To make things even more fun, there are two randomly timed events triggered at some point during gameplay, representing the interruptions nurses deal with all the time. The first unexpected event is a code blue. When this occurs, the overhead lights flash blue, and the speaker announces “code blue” in a very dramatic way. A message is displayed at the clue station, telling players to come there and press the button to stop the lights and alarm. There is no challenge to solve, but the monitor displays an informational message about how nurses play an important role in medical emergencies.
The second unexpected event is interruptions. For this event, the overhead lights flash white, and the speaker plays a loop saying, “Excuse me, hello, can I get some help here?” repeatedly. Like with code blue, players must come to the clue station and press the button to stop the lights and sound. There is no challenge to solve, but players are informed of how often family members drop by with questions, doctors come by with orders that need immediate assistance, and other interruptions that pull a nurse’s attention away from what they are trying to do.
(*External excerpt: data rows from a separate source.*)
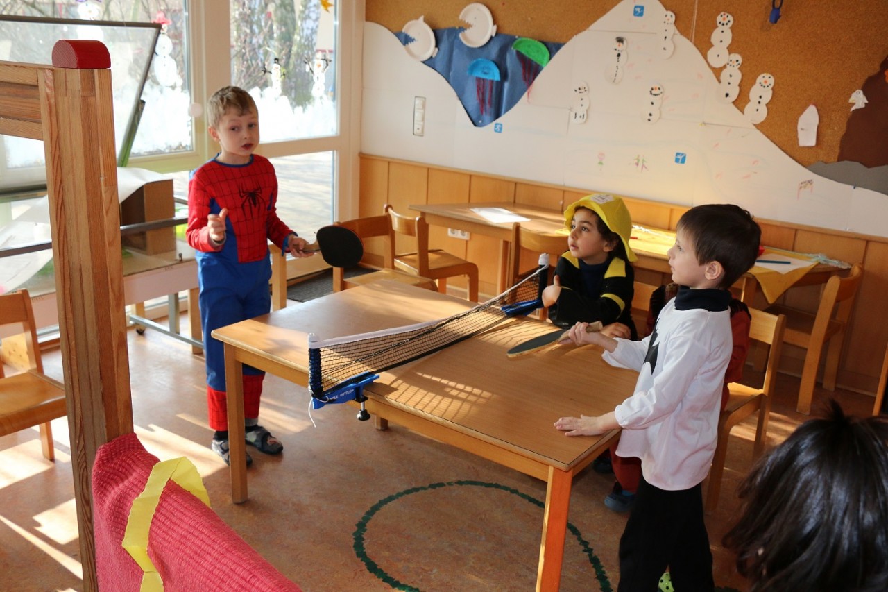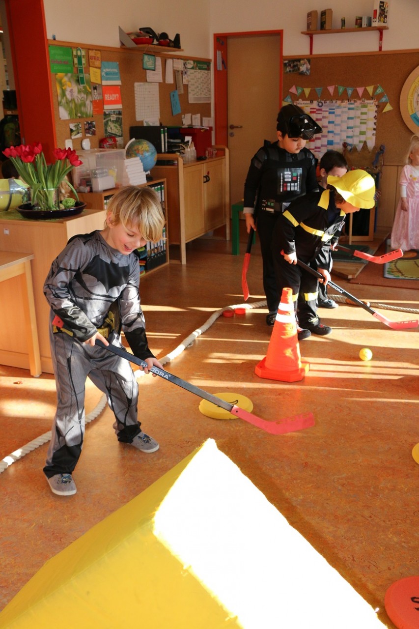 …starteten wir in ein sportliches Kindergartenjahr. In Süd-Korea haben zeitgleich die olympischen Winterspiele begonnen. Für uns war das auch ein Grund, Fasching ein bisschen sportlich zu gestalten. Im Bewegungsraum war eine Bewegungsbaustelle errichtet und Ballspielende konnten sich im Treffen üben.
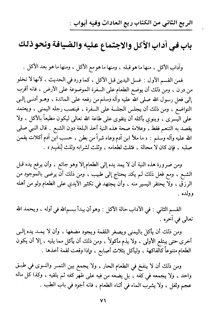 الربع الثاني من الكتاب ربع العادات وفيه أبواب:
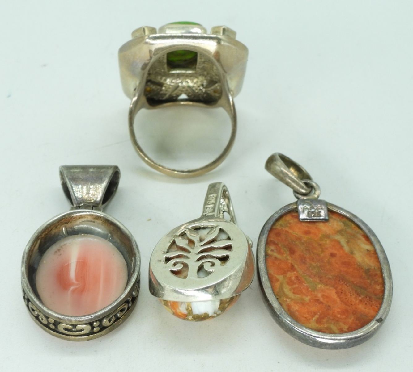 Three sterling pendants and one ring. Ring is green turquoise with other gemstones, size 9. Pendants are oyster copper turquoise and unverified gemstones, 1.5″ – 2″. (22 dwt) (6x4x2)
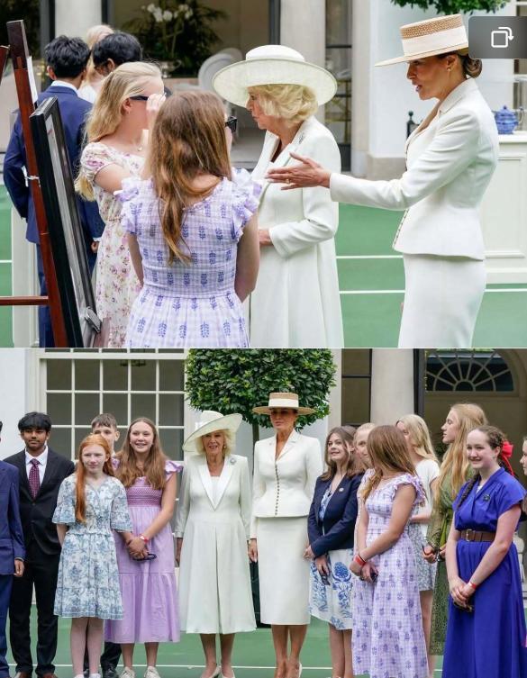 不管是出席宴会,还是出席活动,夫人选择的着装都是极简风,既兼顾了礼仪规范、个人风格与场合适配度,又将美式干练与英式优雅融合得恰到好处,梅拉尼娅这次接待卡米拉真的是用心了。
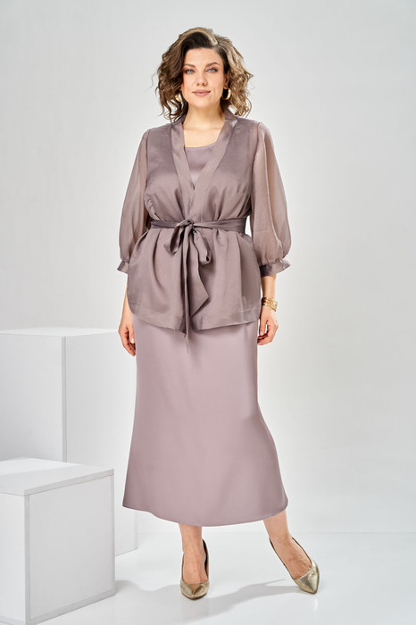 Комплект женские, относится к торжественной и нарядной одежде. Комплект женский, 2-х предметный, кардиган и платье. Кардиган женский, прямого силуэта. Перед с 2-мя нагрудными вытачками. Спинка цельнокроена. Горловина с V-образным вырезом с притачной планкой по краю борта и горловине. Кардиган без застёжки, фиксируется на съёмный пояс. Рукав втачной, одно шовный, длиной 3/4, по низу со сборкой и притачной манжетой. Кардиган без плечевых накладок. Платье женское, полу прилегающего силуэта, слегка расширено к низу, длиной до нижней части икры. Перед с 2-мя нагрудными вытачками. Спинка со средним швом и 2-мя таллиевыми вытачками. Горловина круглая обточная без воротника. Застёжка на потайную тесьму молнию в левом боковом шве платья. Платье без рукавов, проймы обточены. По краю пройм и краю горловины отделочная строчка-0,6 см.
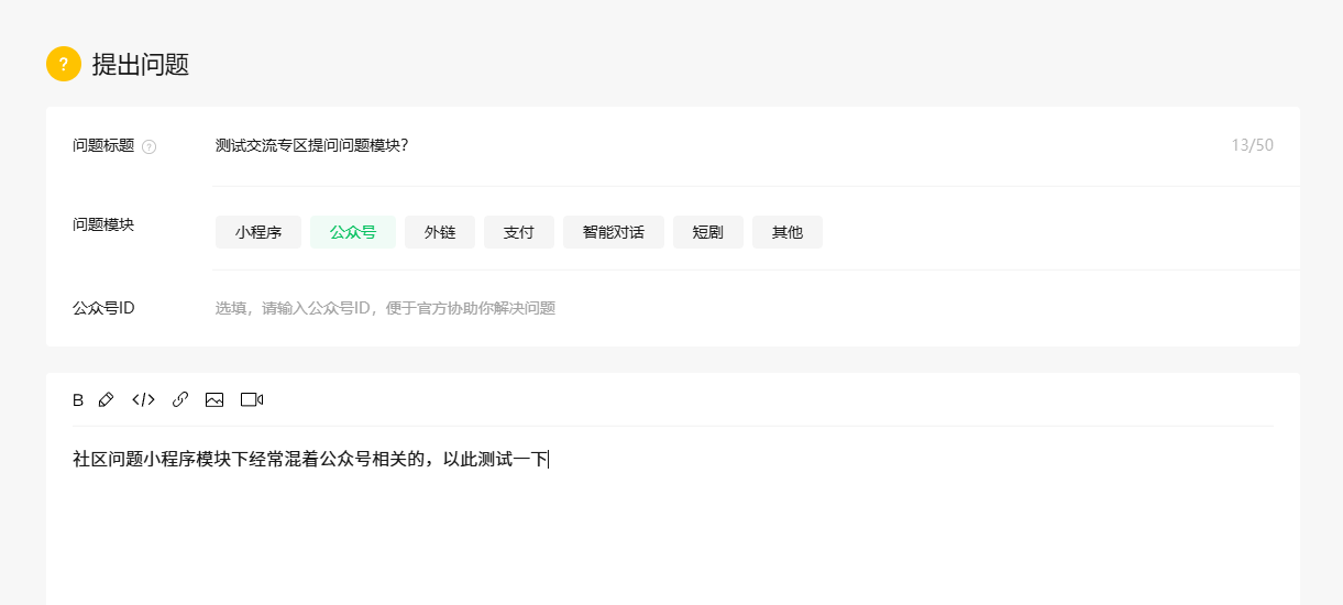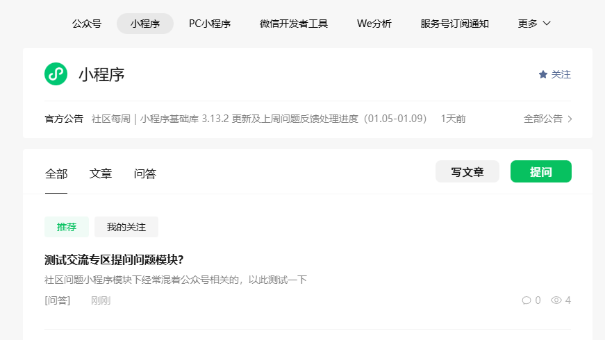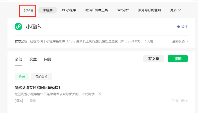 社区问题小程序模块下经常混着公众号相关的,以此测试一下

When participants solve the central puzzle, the game master congratulates the winners. Successful participants are encouraged to take photos of themselves using a printed poster on the wall outside the room to help spread awareness of the experience. The poster says something like, “I escaped” or “I completed the experience room,” with a social media hashtag to help advertise the experience. The goal is for everyone to have a positive experience, so the game master may need to provide more help or give players more time to be successful.
For scope and constraints, the big advantage of this project is that it uses equipment and technology currently available and cheap or free to get. Anything used can be returned to service after the experience room is taken down. Like any project, the experience room has risks, especially since we’ve never done it before. While technology and gameplay will be thoroughly tested, unforeseen complications can arise, such as requisition problems, people not enjoying the puzzles, players not cooperating, or something going wrong with the technology.
In conclusion, this project’s goal was to leverage technology in new and innovative ways to help bridge the gap between clinical and non-clinical hospital staff. After all, increased employee empathy will help contribute to a more efficient and enjoyable working experience for everyone.